* PROBLEM DESCRIPTION
Leaving the images aside, transcribe all the data below exactly.
___ SOURCE DATA
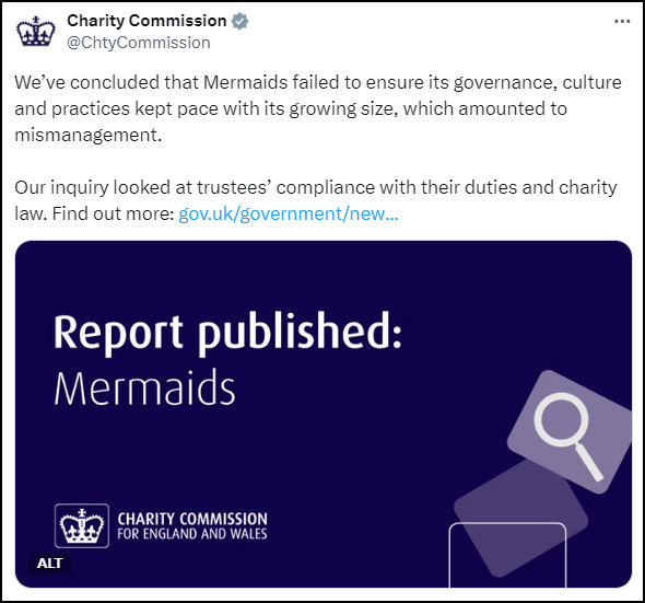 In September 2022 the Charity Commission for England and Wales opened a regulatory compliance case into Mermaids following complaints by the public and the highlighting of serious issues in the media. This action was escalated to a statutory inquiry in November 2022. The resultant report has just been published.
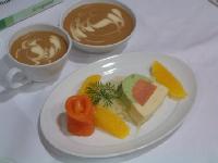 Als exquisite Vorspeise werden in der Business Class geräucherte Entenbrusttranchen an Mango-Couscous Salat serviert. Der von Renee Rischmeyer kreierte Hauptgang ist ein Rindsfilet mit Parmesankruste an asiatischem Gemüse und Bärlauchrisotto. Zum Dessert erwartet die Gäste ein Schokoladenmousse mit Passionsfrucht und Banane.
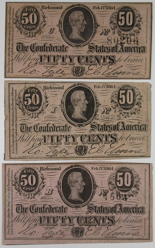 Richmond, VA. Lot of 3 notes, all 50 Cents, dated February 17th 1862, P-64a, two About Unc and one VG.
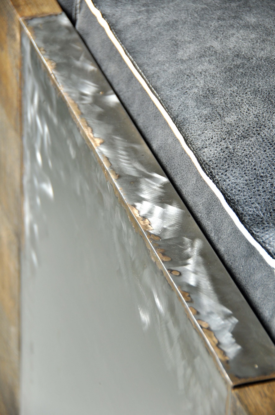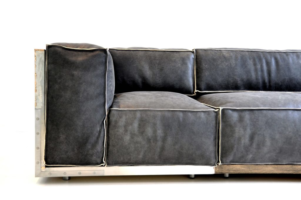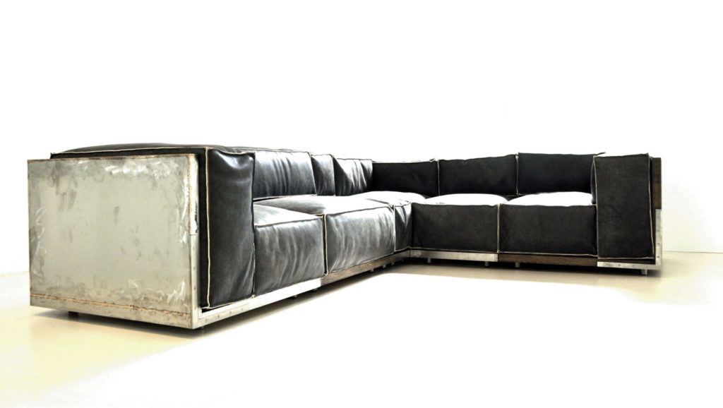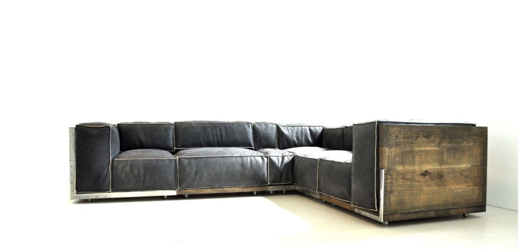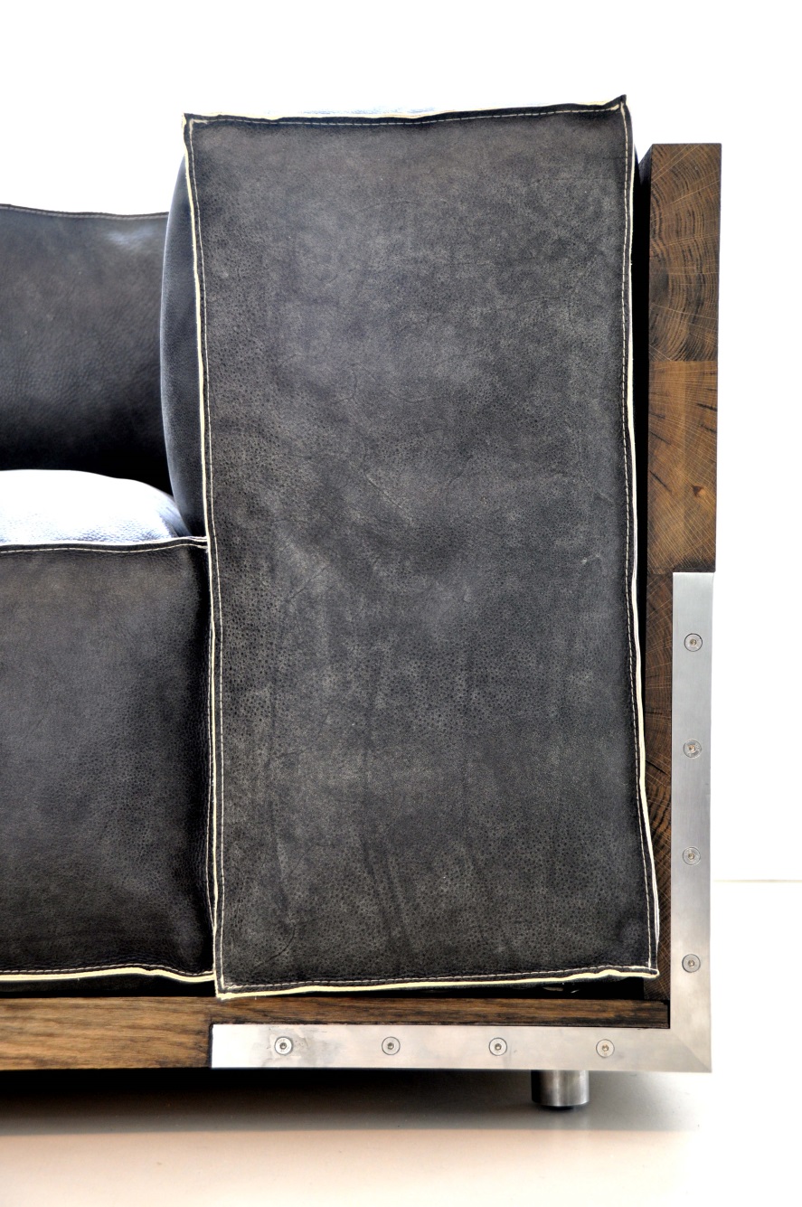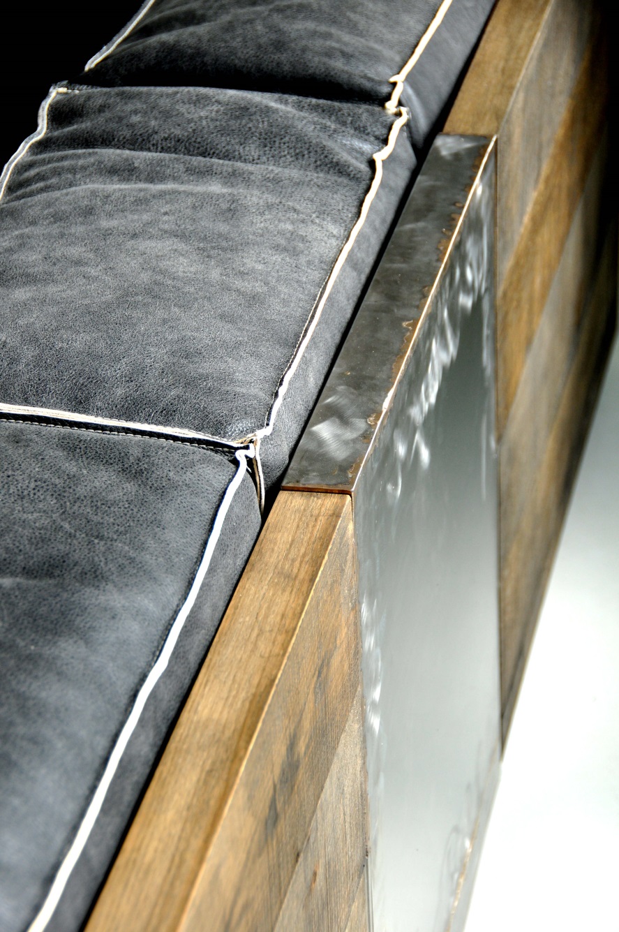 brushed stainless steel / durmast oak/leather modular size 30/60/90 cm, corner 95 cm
______
* FINAL ANSWER
 In September 2022 the Charity Commission for England and Wales opened a regulatory compliance case into Mermaids following complaints by the public and the highlighting of serious issues in the media. This action was escalated to a statutory inquiry in November 2022. The resultant report has just been published.
 Als exquisite Vorspeise werden in der Business Class geräucherte Entenbrusttranchen an Mango-Couscous Salat serviert. Der von Renee Rischmeyer kreierte Hauptgang ist ein Rindsfilet mit Parmesankruste an asiatischem Gemüse und Bärlauchrisotto. Zum Dessert erwartet die Gäste ein Schokoladenmousse mit Passionsfrucht und Banane.
 Richmond, VA. Lot of 3 notes, all 50 Cents, dated February 17th 1862, P-64a, two About Unc and one VG.
 brushed stainless steel / durmast oak/leather modular size 30/60/90 cm, corner 95 cm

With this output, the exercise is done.